For JavaScript agent developers, Composio solves the most time-consuming part of agent development: building and maintaining tool integrations. Without Composio, adding a GitHub integration means implementing OAuth authentication, handling API pagination, managing rate limits, and defining tool schemas for every API endpoint your agent might need. With Composio, you import the GitHub integration and call composio.getTools("github") to get a complete set of tools ready for agent use.
Composio works with the Vercel AI SDK, Mastra, LangChain.js, and the OpenAI Agents SDK. You integrate Composio's tools into your agent regardless of which framework you use. This flexibility makes Composio a framework-agnostic investment that survives framework switches. If you start with the Vercel AI SDK and later migrate to Mastra, your Composio integrations continue working without modification.

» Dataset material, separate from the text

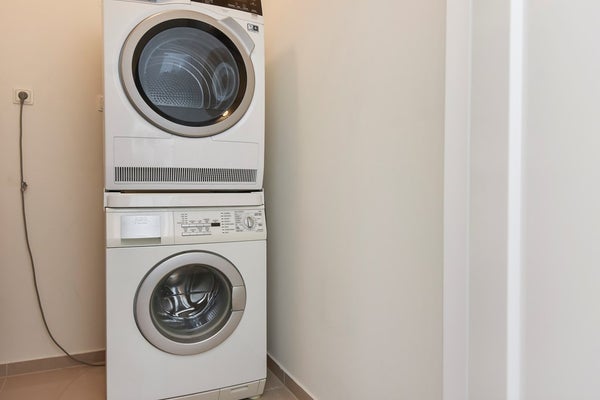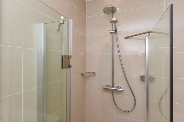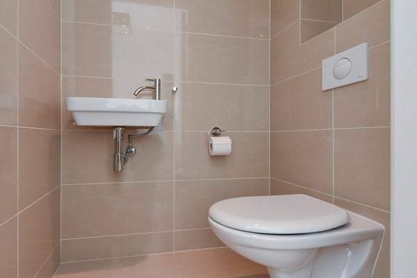 Apart toilet met fontein en een wasruimte (1.7x1.7m) waar tevens de CV ketel hangt. Wasmachine en -droger zijn inbegrepen bij de huur.

OpenAI Agents SDK for Node.js
The OpenAI Agents SDK provides a Node.js implementation alongside its Python version. The SDK's three primitives (agents, handoffs, guardrails) work identically in both languages. For JavaScript teams that use OpenAI models exclusively, the SDK provides the simplest possible agent development experience with built-in tracing, tool use, and multi-agent handoffs.
The Node.js SDK is particularly well-suited for serverless deployments on platforms like Vercel, AWS Lambda, or Cloudflare Workers. The SDK's minimal footprint and fast cold start times make it efficient in environments where execution time and bundle size matter. For teams building lightweight agents that run in serverless functions, the OpenAI SDK provides everything needed without the overhead of a larger framework.
Choose the Vercel AI SDK for web application features, Mastra for complex workflow orchestration, LangChain.js for ecosystem breadth, Composio for tool integrations, and the OpenAI SDK for simple serverless agents. Most JavaScript agent projects benefit from combining two or more of these rather than relying on a single framework.